In the book, Fincham-Gray explores the love, healing, and loss of being pet owners and describes specific cases she has treated. “In this affably written amalgam of pedagogic and heartwarming material, the author chronicles her early years as a medical professional,” noted a writer in Kirkus Reviews. With a father who was a veterinary lab microbiologist, she traces her start in veterinary medicine in Britain, and then to the University of Pennsylvania for an internship and working in animal hospital emergency rooms in large American cities. As animals bring so much emotional comfort to their owners, she describes diagnosing and treating difficult diseases, and the need for humane end-of-life care for those pets for whom there are no more treatment options.

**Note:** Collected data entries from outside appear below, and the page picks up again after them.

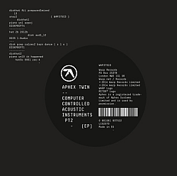 Del sitio http://www.hipersonica.com “Tal y como estaba previsto, Richard D. James ya ha empezado con el cargamento que tiene en casa. Hace un par de semanas Warp publicaba en su web que el viernes habÃa nuevo epé de Aphex Twin, Computer Controlled Acoustic Instruments pt2 EP (Warp, 2015). AsÃ, sin más; sin campañas publicitarias interminables. No queda otra, dado el material que en teorÃa tiene guardado, lo mejor va a ser ir soltando el ‘lastre’ directamente, si no vamos a tener Aphex Twin hasta en la sopa. Este se trata del primer lanzamiento post-Syro, hecho en parte con los artefactos electroacústicos con los que ha venido trabajando últimamente, según decÃa en las entrevistas concedidas en las fechas del regreso oficial.
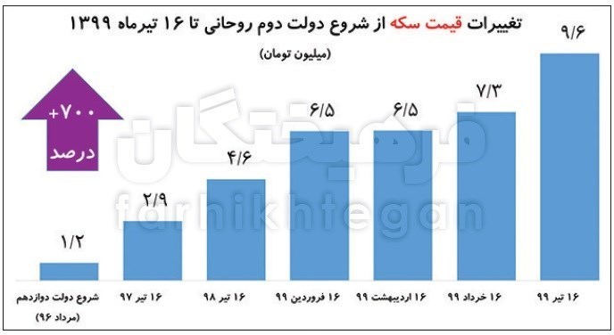 در این زمینه بررسی قیمت سکه نشان می‌دهد هر قطعه سکه تمام (جدید یا امامی) در اولین روزهای شروع دولت دوم روحانی (دولت دوازدهم) حدود یک میلیون و 218 هزار تومان بوده که با رشد 690 تا 700 درصدی این روزها در مرز 10 میلیون تومان در نوسان است.
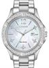 Citizen Eco-Drive ladies size watch from Citizen Elektra Collection. Stainless steel case and watch bracelet. Diamond bezel. White Mother-of-Pearl dial with date calendar and "twinkle star" diamond markers. 100 meters water resistant

During her practice on the East and West coasts of the United States, she treated many complex cases. In the book, she names each chapter after such a case, including Missy the cat who was impaled by an arrow, the Doberman Hercules with a gunshot wound, a miniature dachshund with pancreatitis after eating a hot dog, and Sweetie the pit bull who needed a blood transfusion. Despite the often devastating emotional turmoil her work with seriously ill pets can take on her, she told Denise Davidson in an interview online at San Diego Union Tribune: “But what keeps me going, even on the hardest days, are my patients. There are cats and dogs with chronic disease that I’ve been seeing for years, and getting to know them and their families is a privilege.

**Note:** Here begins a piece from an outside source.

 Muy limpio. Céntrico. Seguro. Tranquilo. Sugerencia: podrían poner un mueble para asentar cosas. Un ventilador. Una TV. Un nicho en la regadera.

Fincham-Gray also describes the pets she has adopted and how she created a work-life balance with her boyfriend. Nancy Bent commented in Booklist that Fincham-Gray “has created a wonderfully introspective look at the role of the veterinarian.” A Publishers Weekly contributor declared that anecdotes of Fincham-Gray’s furry patients will appeal to most readers, and “The medical aspects of the narrative will likely draw future veterinarians to the book.” With warmth and humor, “Fincham-Gray offers a unique, insider perspective on the universal experience of owning an animal, and writes with the same tenderness she brings to her patients,” according to a writer on the Warwick’s website.

When Fincham-Gray addresses delivering bad news to pet owners, the heart-wrenching loss of pets, and euthanasia, Terri Schlichenmeyer commented on the Keizer Times Online: “Seriously, I defy you not to cry. Nah, it’s going to be impossible. If you’re someone who loves a four-footed kid, ‘My Patients and Other Animals’ won’t let you stay dry-eyed for long….you’re going to enjoy the almost-[James] Herriot-type beginning of this animal-loving delight.” However, as Schlichenmeyer pointed out, there are cringe-worthy episodes in the book dealing with old-time veterinary practices, animals in pain, and abandonment.

Fincham-Gray handles other serious subjects, such as her struggle to improve her relationships with pet owners, especially those who are disinterested in their pet’s care, and the way treatment is usually dependent on the owners’ ability to pay. The book “is at its best when the author is at her nerviest, removing the romantic sheen from her profession and replacing it with a more realistic and complicated portrait. If it’s sometimes tragic, it’s also consistently rooted in compassion,” said Mark Athitakis in a review online at USA Today.

BIOCRIT

PERIODICALS

  • Booklist, March 15, 2018, Nancy Bent, review of My Patients and Other Animals: A Veterinarian’s Stories of Love, Loss, and Hope, p. 6.

  • Kirkus Reviews, February 15, 2018, review of My Patients and Other Animals.

ONLINE

  • Keizer Times Online, http://www.keizertimes.com/ (April 16, 2018), Terri Schlichenmeyer, review of My Patients and Other Animals.

  • Publishers Weekly, https://www.publishersweekly.com/ (April 1, 2018), review of My Patients and Other Animals.

  • San Diego Union Tribune Online, http://www.sandiegouniontribune.com/ (April 8, 2018), Denise Davidson, author interview.

  • USA Today, https://www.usatoday.com/ (April 17, 2018), Mark Athitakis, review of My Patients and Other Animals.

  • Warwick’s, https://www.warwicks.com/ (April 10, 2018), review of My Patients and Other Animals.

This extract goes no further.